The unsettling reality of AI copyright is that we never know what will occur next.
- Data that is protected by copyright is used to train generative AI models.
- The level of human involvement will probably determine whether the output of an AI model is copyrighted.
- It is probably permissible to train generative AI on data that is copyright-protected.
The year has been excellent for generative AI. Startups are raising hundreds of millions of dollars to compete with established companies like Microsoft, Adobe, and GitHub, and the technology is even having an impact on culture thanks to text-to-image AI models that have given rise to countless memes. The question of whether any of this is actually legal will be raised in any industry discussion about generative AI, though.
The issue comes up as a result of how generative AI systems are trained. They function by finding and reproducing patterns in data, just like the majority of machine learning software. However, since these programmes produce code, text, music, and artwork, the data they produce is itself human-generated, web-scraped, and therefore copyright-protected in some way.

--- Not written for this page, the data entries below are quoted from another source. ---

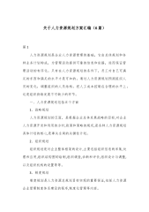 关于人力资源规划方案汇编(6篇)篇1 人力资源规划是企业人力资源管理的基础,它由总体规划和各种业务计划构成,为管理活动提供可靠的信息和依据,进而保证管理活动的有序化。只有在人力资源规划的条件下,员工对自己可满足的东西和满足的水平才是可知的。通过人力资源规划预测组织人员的变化,调整组织的人员结构,把人工成本控制在合理的水平上,这是组织持续发展不可缺少的环节。 一、人力资源规划包括五个方面 1、战略规划 人力资源规划的五面,是根据企业总体发展战略的目标,对企业人力资源开发和利用的方针,政策和策略的规定,是各种人力资源规划具体计划的核心,是事关全局的关键性计划。 2、组织规划 组织规划是...
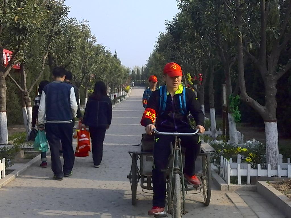 志愿者们每天7:05在校门口集合,有序前往陵园。到达后,根据陵园工作人员的安排开始每天的服务工作:有的倾倒灰桶,有的疏导交通,有的对烈士墓碑进行了认真擦拭,还有的对周边环境进行细致的打扫……
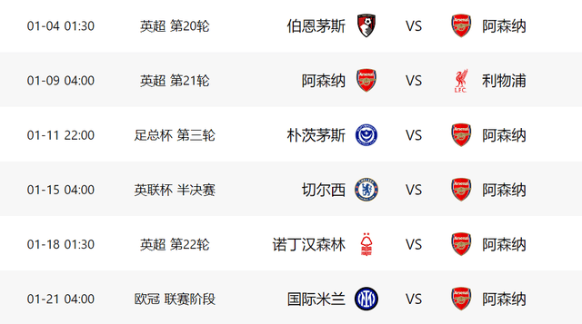 อย่างไรก็ตาม อาร์เซนอลต้องไม่ประมาท เพราะตอนนี้พวกเขาต้องเผชิญกับตารางการแข่งขันที่หนักหน่วง เริ่มตั้งแต่สุดสัปดาห์นี้และสิ้นสุดด้วยการแข่งขันนัดเยือนในศึกยูฟ่า แชมเปียนส์ลีกกับอินเตอร์ มิลาน ทีมปืนใหญ่จะต้องลงแข่งขันถึงหกนัดที่ท้าทายภายในระยะเวลาประมาณ 17 วัน แม้ว่าบอร์นมัธอาจไม่ถูกมองว่าเป็นคู่แข่งที่น่ากลัว แต่พวกเขาก็เพิ่งแพ้เพียงนัดเดียวจากเก้านัดในบ้านฤดูกาลนี้ ฤดูกาลที่แล้ว อาร์เซนอลพ่ายแพ้ในการแข่งขันนัดเยือนกับทีมนี้ และพวกเขามีความเสี่ยงที่จะเสียคะแนนอีกครั้งในนัดนี้การแข่งขันนัดถัดไปกับลิเวอร์พูลก็อาจสร้างความลำบากได้เช่นกัน หลังจากนั้น อาร์เซนอลจะต้องลงแข่งขันในศึกเอฟเอคัพ ซึ่งพอร์ทสมัธ แม้จะเป็นทีมจากลีกต่ำกว่า แต่ก็อาจสร้างเซอร์ไพรส์ได้ เอฟเอคัพขึ้นชื่อเรื่องความไม่แน่นอน และอาร์เซนอลเสี่ยงที่จะพลาดท่าหากหมุนเวียนผู้เล่นตัวหลักมากเกินไป นัดแรกในรอบรองชนะเลิศลีกคัพกับเชลซีก็เป็นอีกหนึ่งเกมที่อาร์เซนอลไม่สามารถพลาดได้เช่นกัน
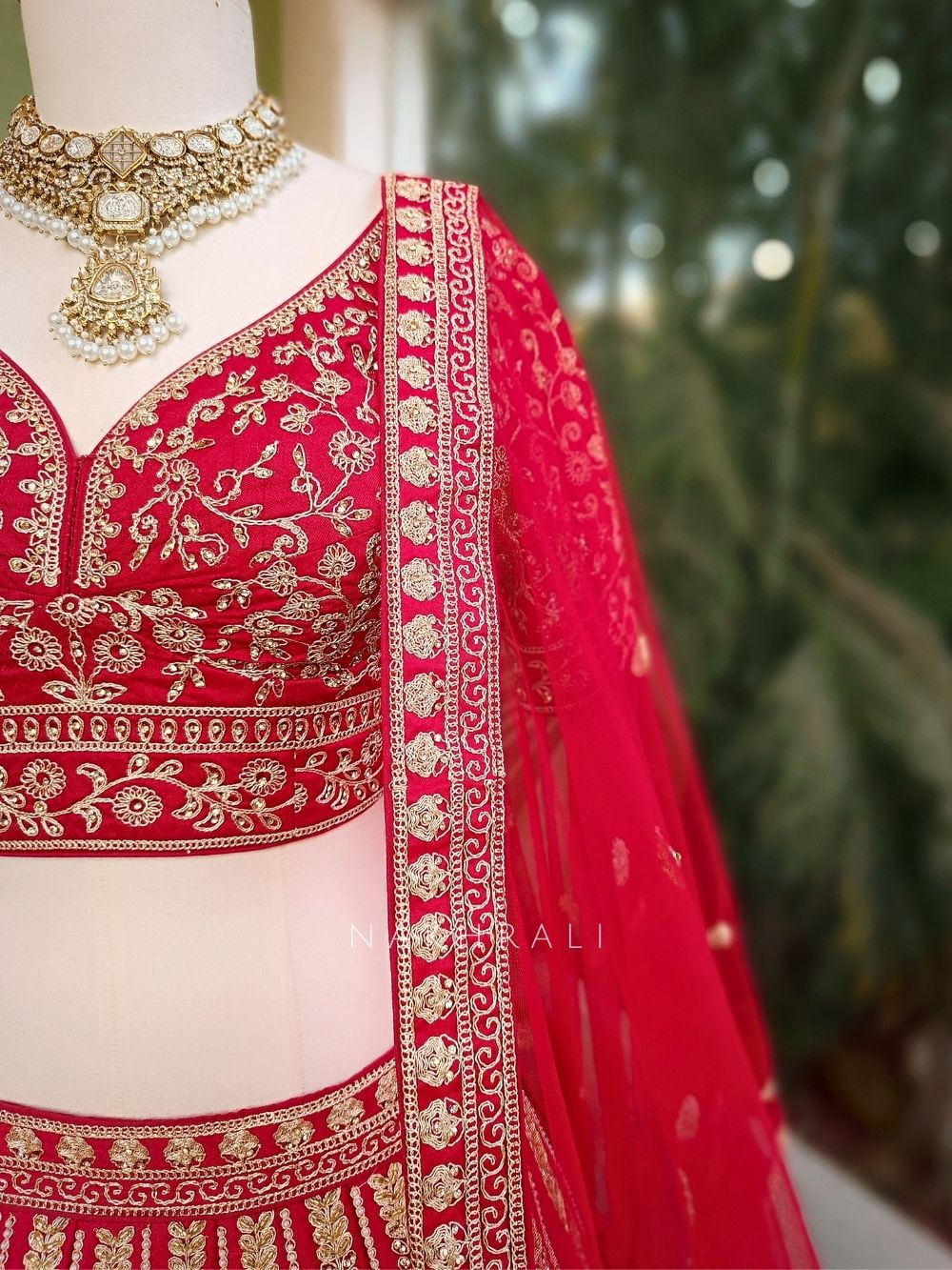 Anvika Red Bridal Lehenga with Zari Thread Work
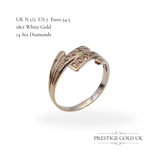 Vintage 18ct White Gold Crossover Diamond Ring, UK N 1/2 US 7 Euro 54.5
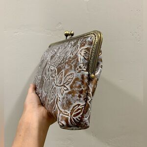 Brand new, great quality. Handmade from Italian embossed cowhide, with vintage metal frame. Includes 2 chain styles, can be used as a cross body, shoulder bag or clutch. This bag is large, holds a lot, spacious enough for your phone, large wallet, compact umbrella, credit cards, cosmetics keys & other items that you may need for a casual outing about town.

This wasn't a big problem for AI researchers in the dimly remembered 2010s. At the time, the most advanced models could only produce images of faces that were no larger than the size of a fingernail. There wasn't a direct danger to anyone here. However, in 2022, when a lone amateur can use software like Stable Diffusion to copy an artist's style in a matter of hours or when businesses are selling AI-generated prints and social media filters that are overt ripoffs of living designers, questions of legality and ethics have become much more urgent.
Consider the situation of Disney illustrator Hollie Mengert, whose work was discovered to have been copied as part of an AI experiment by a Canadian mechanical engineering student. The student spent several hours training a machine learning model that could mimic Mengert's style after downloading 32 of the artist's works.

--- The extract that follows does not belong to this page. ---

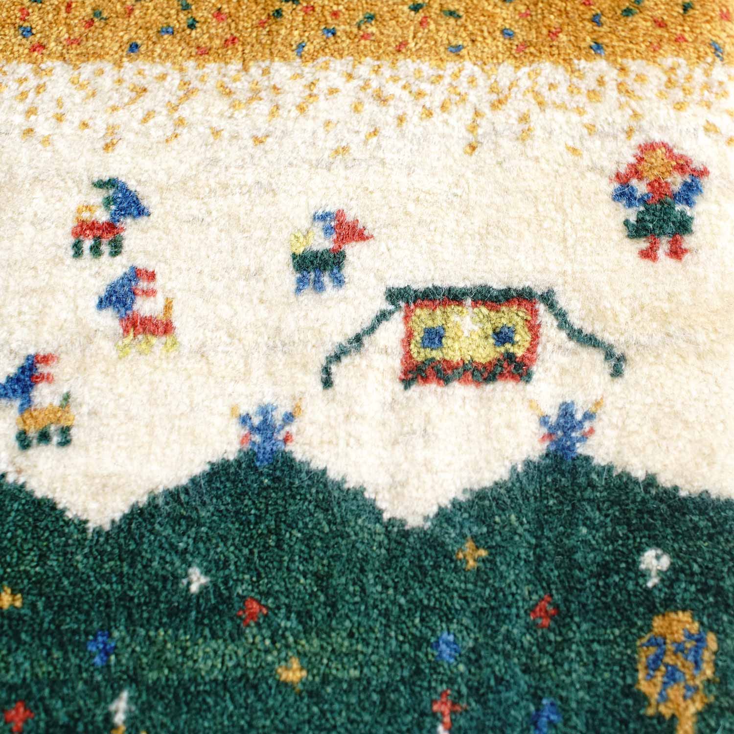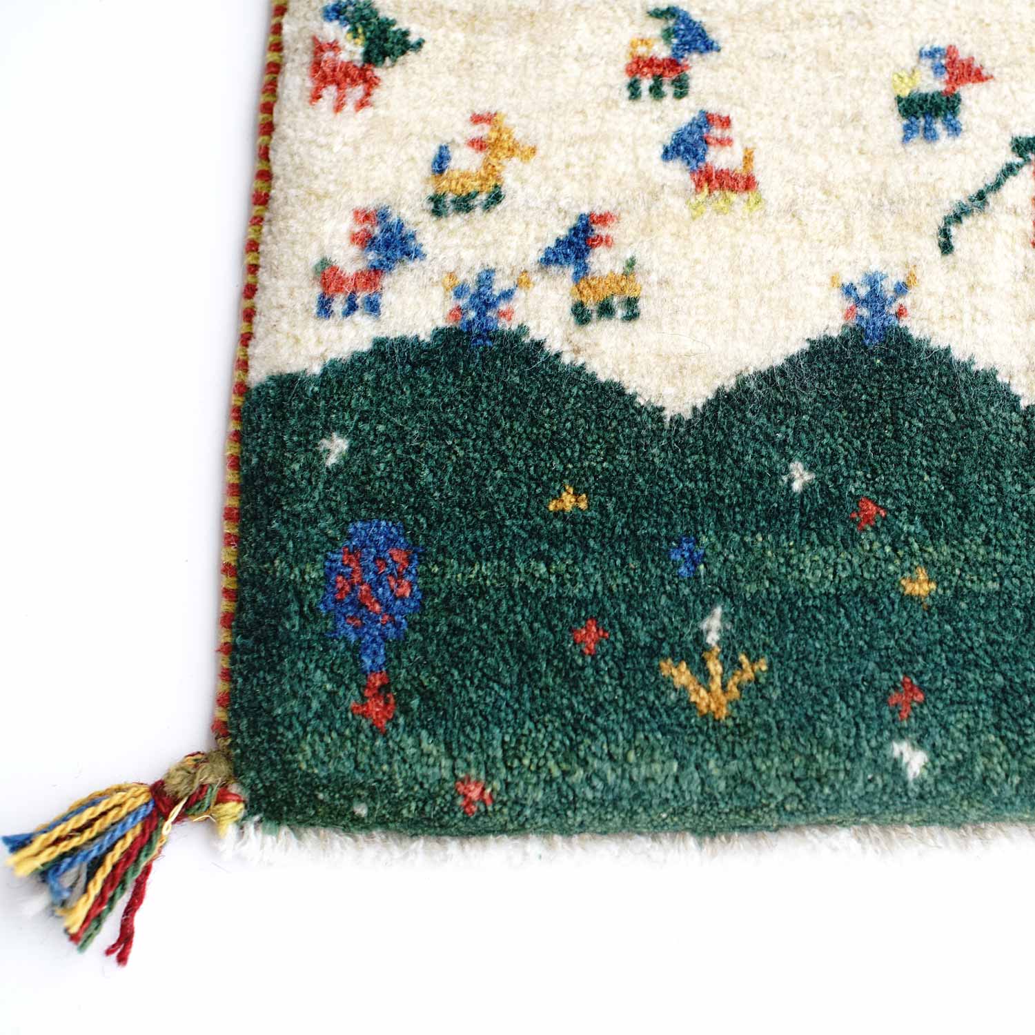 ギャッベ(ギャベ)はイラン南西部、ザクロス山脈から南部の高原で遊牧生活をしているカシュガイ族が織る1つ1つが手作りの毛足の長い絨毯です。冬は暖かく、夏も汗がべたつかず、1年を通じて快適です。また天然染料で染められており、小さなお子様がいるご家庭でも安心してお使いいただけます。

Andres Guadamuz, a professor at the University of Sussex in the UK who specialises in AI and intellectual property law, asserted that while there are still many unanswered questions, there are only a few fundamental ones that can be answered. First, can the output of a generative AI model be copyrighted, and if so, whose ownership is it? Second, does having copyrighted input used to train an AI give you any legal authority over the model or the products it produces?
After these queries are resolved, a bigger query surfaces: how do you handle the consequences of this technology? What types of legislative restrictions on data gathering should or ought to be put in place? Can there coexistence between those who are developing these systems and those whose data is required to do so?

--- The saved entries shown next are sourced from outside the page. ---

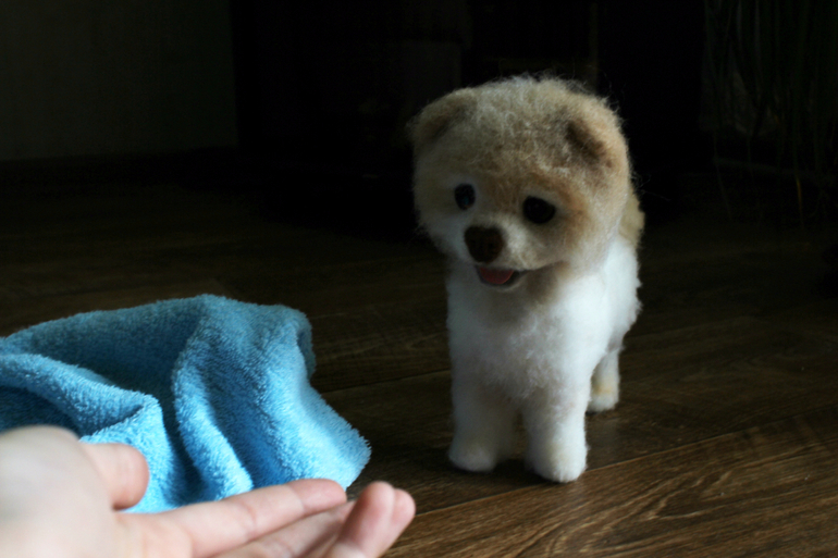 Доброй ночи)) Нет , что вы:D Щенок свалян из (войлока) шерсти и является интерьерной игрушкой)) Спасибо)))
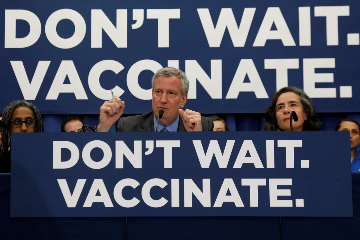 State and local officials in recent weeks have looked at new ways to fight the outbreak. In New York City, where some 423 cases have been recorded, Mayor Bill de Blasio last month issued a mandatory vaccination order for Brooklyn's Williamsburg neighborhood and other communities hard-hit by the disease.
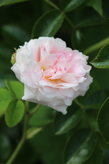 On the arch grows the most fragrant roses, a combination of Blush Noisette and Zephirine Drouhin Climbing Roses.
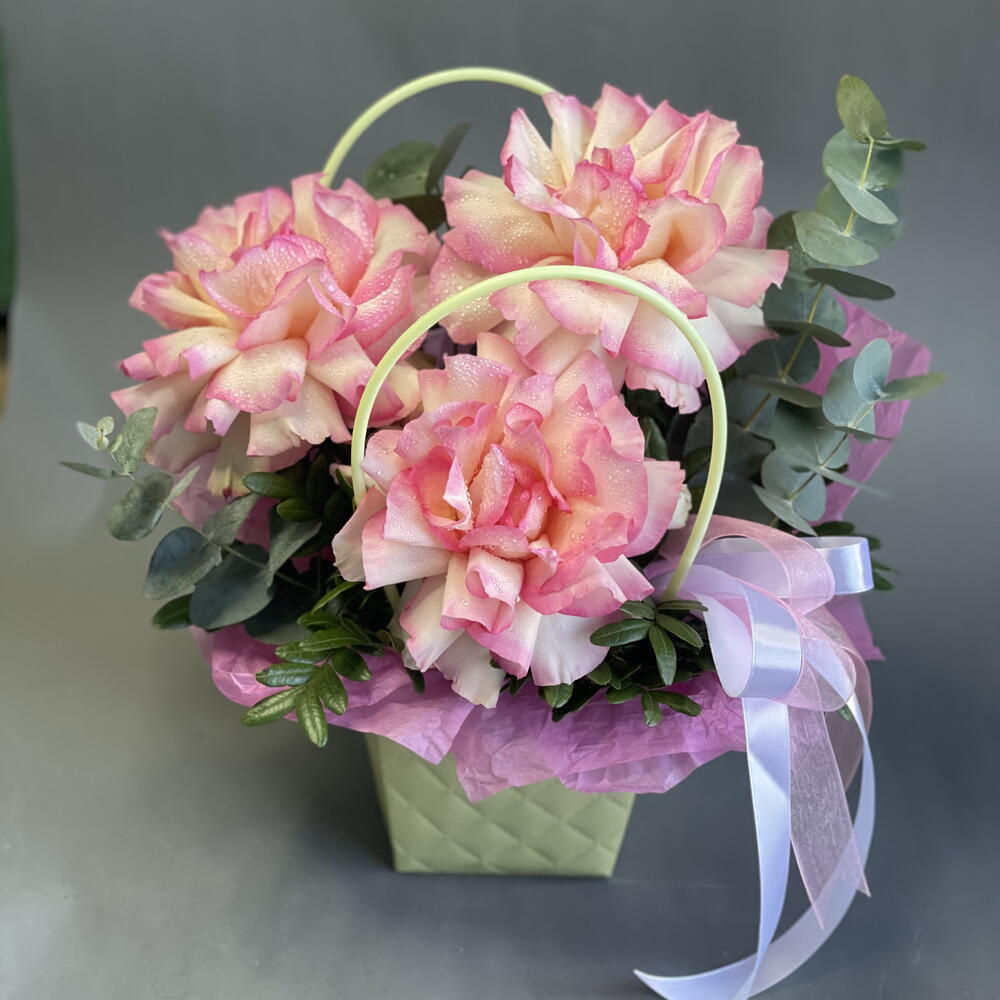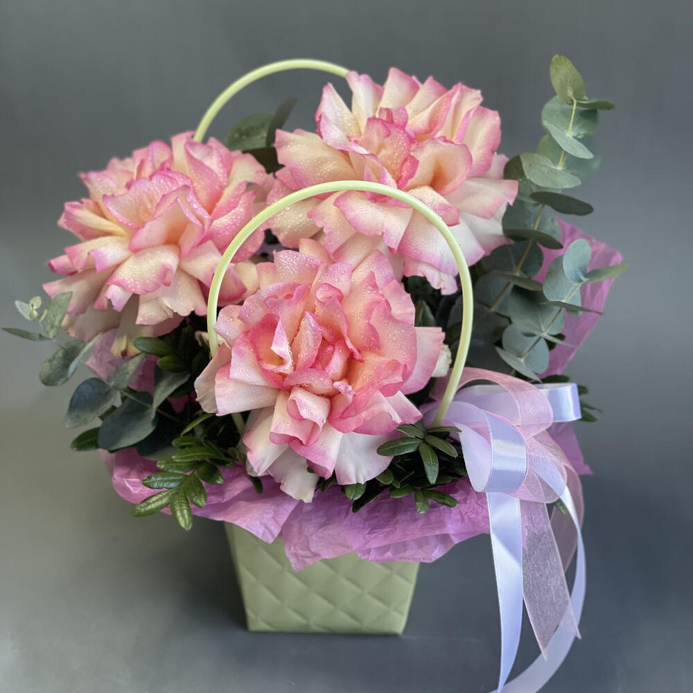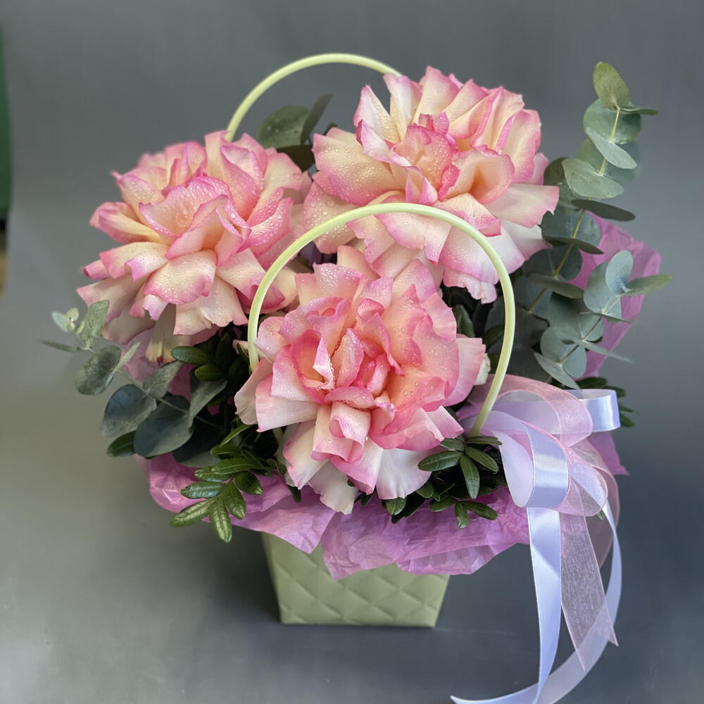 Элегантная композиция в сумочке, состоящая из трёх роскошных роз, дополненная ажурными веточками эвкалипта. Идеальный подарок, сочетающий в себе утончённость, стиль и нежное послание.

Even if it is determined that the training of generative AI models falls under fair use, the issues facing the industry will still not be fully resolved. It also won't always apply to other generative AI domains, such as coding and music, and won't appease artists who are upset that their work has been used to train commercial models. Obtaining a licence and paying the data's producers is the most obvious recommendation. However, some believe that this will ruin the sector.